Traditionally the Secretary role, and in some states they call it the clerk, is the maintenance of corporate records. Anything from making the minutes and keeping and recording the minutes of board of directors and shareholder meetings to managing the company's stock records, option plans, things like that. They can make sure that all that kind of stuff is kind of taken care of. So as the Secretary, they don't really do secretarial duties. But, in the common parlance, or what the old parlance was with corporations, they were the person that did those types of duties. Currently, someone just needs to be named secretary, and anyone can be named as a secretary without doing those duties, but most states want you to name someone as a secretary or as a clerk.
What is stock "par value"?
Par value is a nominal value that is given to shares of a corporation when it is first formed. The par value can be used for different things. Typically it is used to set this nominal price or maybe what's viewed as a minimal price for shares. Par value can also be used to determine franchise taxes in some states. Some states don't even require a par value and generally when a state doesn't require a par value, I tell my clients to not use a par value. When it does require a par value you can usually use a penny a share or excuse me a tenth of a penny a share, in other words .1, and those are pretty good numbers to start out with. Now, after a while when you actually start making money and your company starts having value, it's valuation will detemrine how much its per share price is which is very different than par value. Par value is really a placeholder.

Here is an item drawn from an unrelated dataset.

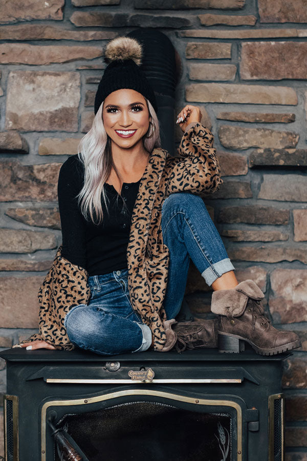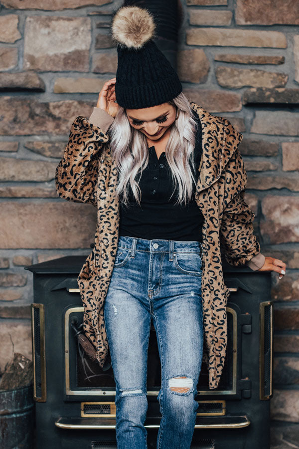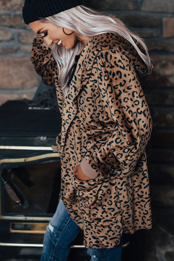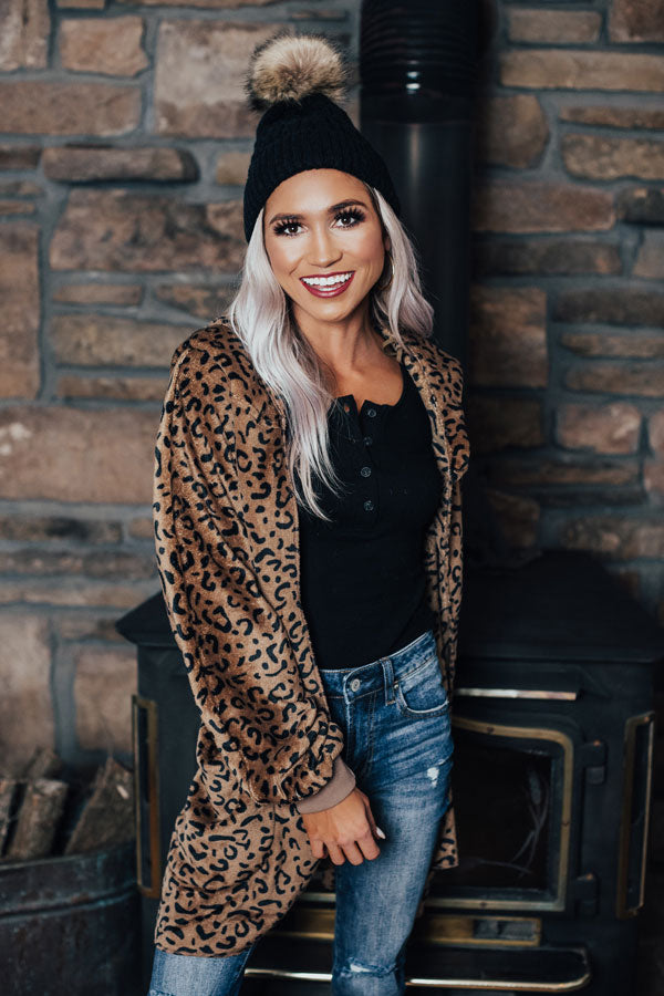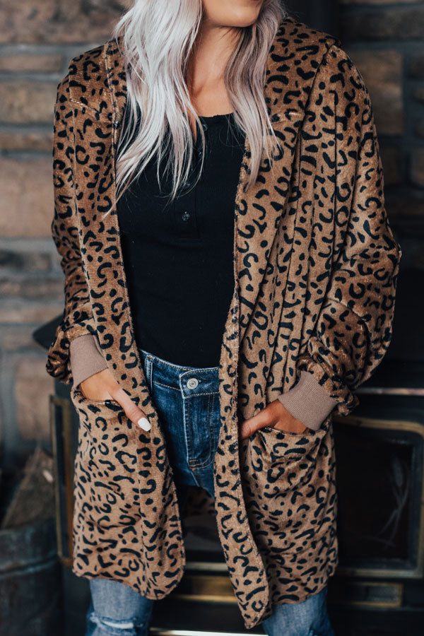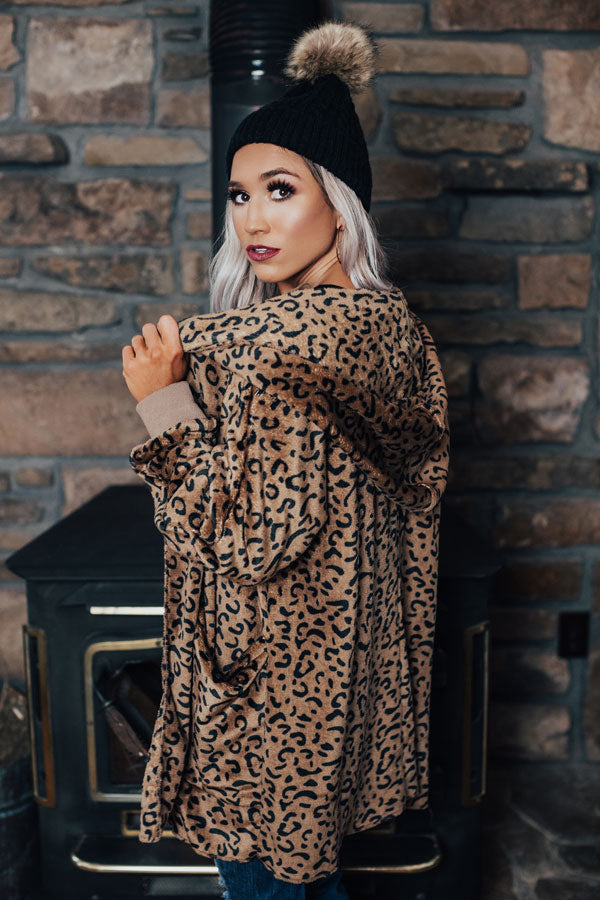 You will undoubtedly "rock the room" when you wear this adorable mocha colored cardigan featuring ultra soft lightweight material patterned with a bold black and brown spotted leopard print, long loose bishop sleeves with fitted cuffs, a hooded back, low hidden side pockets, and a relaxed open front silhouette that falls into a straight mid-thigh length hemline! You can layer this ultra warm and versatile piece with just about anything from a basic tank to a sweater, jeans to skirts or dresses, booties to wedges or sandals, clutches to totes, and hats to earrings! Measurements

What are the relative roles of Shareholders, Directors and Officers?
I like to think of a corporation as a bit of a pyramid, in this case. Shareholders are the owners; they are people who have an ownership stake, who have shares and equity in the company. They own shares; that's what makes them Shareholders. Some people call them stock holders, but it's the same thing. Shareholders, at their meetings, will elect Directors of the company. The Directors or the people who sit on the board of Directors are the individuals that really steer the governance of the company. In other words, they steer the direction of the company as to where it's going to go and what type of business it should be in; the very big overarching decisions of where the corporation is and what it is. Then Directors at their meetings, be they annual, quarterly, or special, will then in turn elect the Officers of the company. Those Officers could be presidents, vice presidents, CEOs, treasurers, or secretaries. Typically in the common parlance of corporate talk, the board always has to elect at least three Officers. Someone has to be president, someone has to be treasurer, and someone has to be the secretary or the clerk. It's really funny because in many corporations when there's only one person, all three officers are the same person; there's one Shareholder, one board member, and one Officer who does three different Officers' jobs. So, in the common way that we do and view corporations now it's not always that cut and dry that that person does all of those duties. The further step down is that those Officers are typically in charge of hiring employees that do most of the day to day work, in a much larger corporation. So, I look at it as a big ship, and I'm a former NAVY guy, so it makes it easy for me. The U.S. Navy owns a ship; the U.S. Navy is the Shareholder, and the ship is the corporation. Then, there's probably some big admiral somewhere that says where the ship should be going and he/she is saying "You need to be going this way or that way". That's like the Directors. Then you have the people on the ship who are actually making it happen, and those are the Officers and the employees. So, if they all work together the ship stays afloat, it goes to the right spot, and then the Shareholder makes a whole bunch of money. That's what everyone wants, isn't it?